Several years ago, a cytogeneticist made the comment to me that nothing we had gleaned from molecular genetics had made a clinical or therapeutic contribution over and above simple cytogenetics. This is no longer the case. The rapid technological changes seen in this area have exponentially increased the rate at which predisposition and progression genes can be identified and a greater basic understanding of the mode of action of these genes is moving the field towards therapeutic application. The contribution made by the human genome has already been significant and will be overwhelming in the years to come. And so it is appropriate to review where we are with cancer genetics.
This contribution is a second edition released as part of the IOS/Academic Press Human Molecular Genetics series. As with the first edition, there is an introductory chapter dealing with the basic techniques of cancer genetics, including positional cloning, loss of heterozygosity and mutation detection. This is followed by chapters dealing with individual types of cancer (breast/ovarian, gastric, melanoma, colorectal, lung, prostatic, liver, brain, bladder) including some cancer syndromes such as MEN1 and 2, NF1 and 2, Tuberous Sclerosis and von Hippel Lindau. The only exceptions to this organ-based presentation are a chapter on TP53 (chapter 9) and one on telomeres and ageing (chapter 21), each with an emphasis on application of our understanding of these genes. Once again, each of the chapters has been written by an expert in that particular type of cancer and each chapter gives a basic but up-to-date overview of what is known about the genetics of that condition.
Considerably larger than the first edition (10 chapters, 245 pages in first edition; 21 chapters, 518 pages in second edition) due to the progress made in the area, this edition readdresses all the topics covered in the first edition and then adds on. The advantage of taking an organ-based approach and re-covering all previous ground is that it produces a very accessible reference manuscript for the clinician, clinical scientist or student. The disadvantage is that overarching concepts such as disruption to repair mechanisms (chapter 10, colorectal cancer, briefly addresses the mismatch repair genes), reiteration of developmental processes and the role of gatekeepers are somewhat lost, making this book less useful for the basic scientist.
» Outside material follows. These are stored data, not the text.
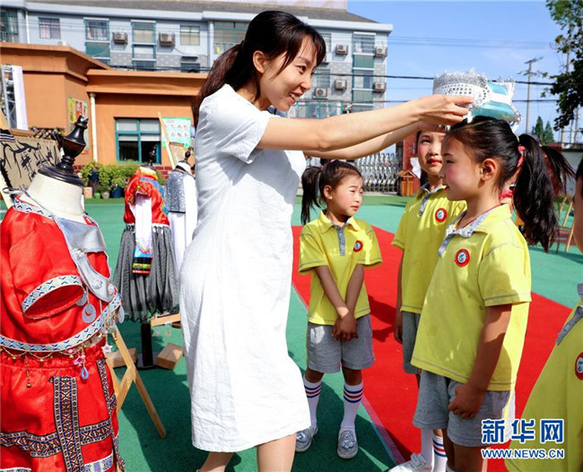 5月28日,老師帶領孩子們認識不同民族的服飾。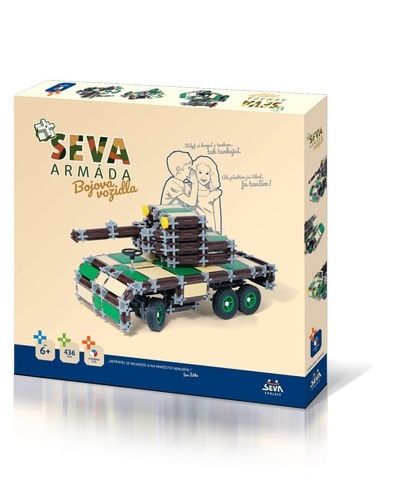 Stavebnice ve vojenských maskovacích barvách pro malé dobrodruhy a bojovnice. Postav děla, tanky, obrněné vozy nebo jinou vojenskou techniku podle svojí fantazie. Pevnost výtvorů můžeš prověřit hrou přímo v přírodě, kde si užiješ spoustu zábavy. Stavebnice SEVA Armáda – bojová vozidla nahrazuje stavebnici SEVA Army 1 a doplňuje novou kolekci SEVA Armáda společně s novými stavebnicemi Letectvo (dříve Army 2) a Speciální jednotka (dříve Army mini 1 a 2). Velkou výhodou stavebnic SEVA je její kompatibilita a možnost neomezené kombinace s ostatními stavebnicemi. Stavebnice obsahuje 436 dílů. Pokud byste si nevěděli rady, součástí balení je také podrobný návod ke skládání.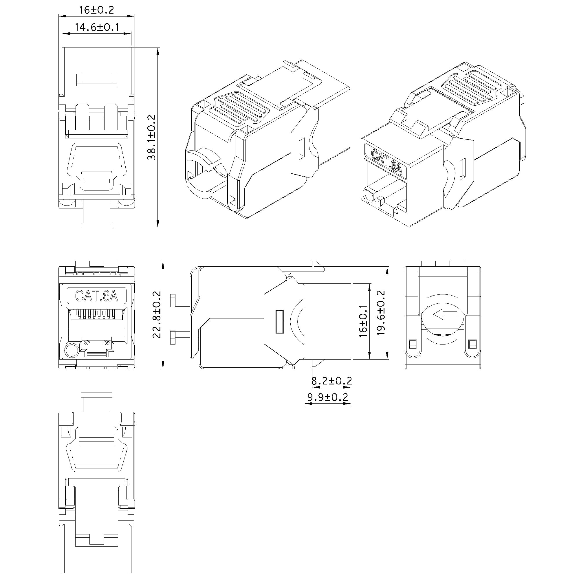Frutto Keystone RJ45 Cat.6A UTP Tool-FreeDa utilizzare con cavi rigidi da 23 a 26 AWGContatti IDC: lega di bronzo e fosforo con placcatura in oro; area di contatto placcata in oro da 3 micro polliciConforme ANSI/TIA-568.2-D-2018Dimensioni (LxPxA): 16 x 38,1 x 22,8 mm; colore: nero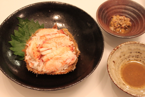 ゆでた毛蟹を1パイいただいたので、さばいて甲羅に身をつめて、カニ味噌は小さな器に。味噌が溶けたゆで汁が甲羅の中にあったので、蟹の身をつけていただくためにこちらも小さな器に入れて出しました。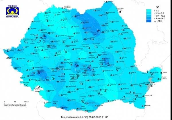 Meteorologii au prognozat că noaptea de 28 februarie spre 1 martie ar putea fi cea mai rece din această iarnă. Datele oficiale ale ANM confirmă vreme polară care a lovit România.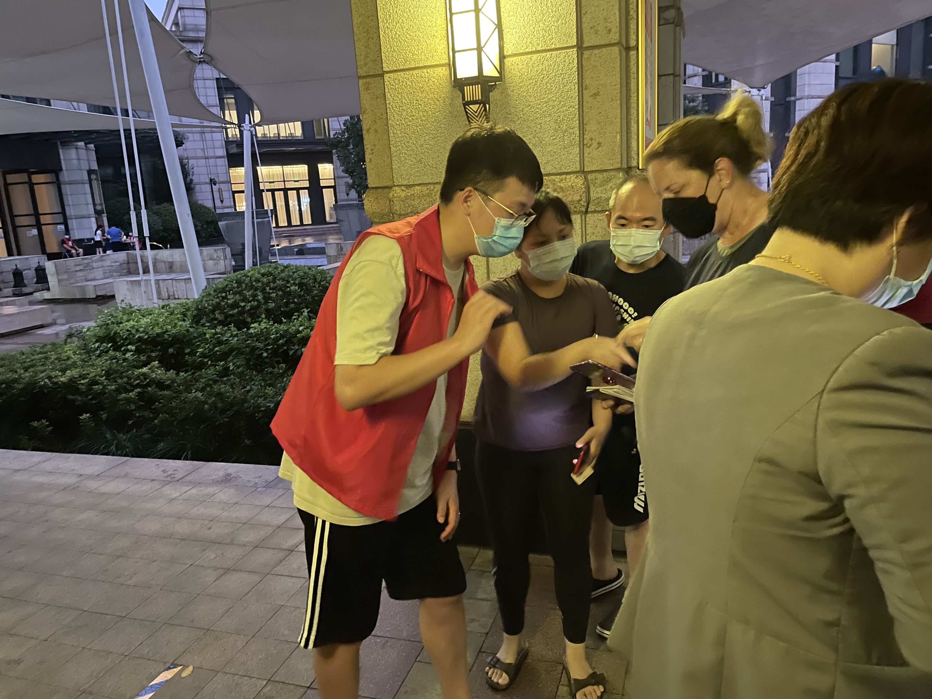 车谷融媒8月12日讯 “金域蓝湾小区住着来自韩国、新加坡、美国的外国居民,为了提高工作效率,我这两天在狂补英语常用对话,练习一些信息填报英文词汇,为他们讲解各项防疫要求,请他们出示绿码,让他们戴好口罩。”8月11日,武汉经开区知识产权下沉党员詹瞩耐心与外国居民交流,外国居民积极配合并用中文对他说谢谢。

This manuscript could well have been entitled the ‘Molecular Genetics of Solid Tumours’ as the book does not deal with any of the leukemias (nor the lymphomas). As explained in the introduction, this was because they alone would merit a separate tome. The introduction also justifies the omission of Blooms syndrome, Ataxia telangiectasia or Fanconi’s anemia due to their common mode of radiation induction and recent media interest generating other publications.
While no book can cover all that is now known about cancer genetics, there were a few marked omissions that were disappointing. The first of these was basal cell carcinoma, the most common tumour in the world. The patched (PTCH) gene was identified as the predisposition gene for the inherited basal cell carcinoma syndrome, Gorlin syndrome, in 19961 and in the same year it was demonstrated that this TSG is also lost/mutated in sporadic BCC2. PTCH has subsequently been shown to be mutated in 15% of medulloblastomas3, an observation that is briefly mentioned in this context in the chapter dealing with brain tumours (chapter 16). The omission of basal cell carcinoma was not only disappointing because of the prevalence of this form of cancer, but because of the classic example that PTCH and the hedgehog signalling pathway, for which PTCH is the receptor molecule, provide for the involvement of developmentally important genes in human cancer. There are very few organs and systems not affected by this signalling pathway in some way during vertebrate development and in addition to its role in tumorigenesis, dysregulation of hedgehog signalling results in an array of dysmorphologies.
The other disappointment was the lack of a chapter dealing directly with the impact expression profiling techniques are having on cancer genetics. Here, the timing may have been tight as this is clearly an area of rapid expansion. However, there have now been many seminal contributions to the global analysis of cancer genetics using EST and oligo microarrays both for identification/subcategorisation of tumour types4 and analysis of regions of gene loss5. The application of this technology to cancers is now reaching a fine art with the combination of RNA expression profiling to identify prognostic markers which are then be verified using tissue arrays6,7 to the analysis of DNA from biopsy specimens to replace CGH approaches5. These technological advances will be what brings cancer genetics out of the realm of the basic scientist and into the realm of the clinic faster than any other molecular advance to date. Roll on Edition Three and may it make the leap from what has been to what is about to unfold.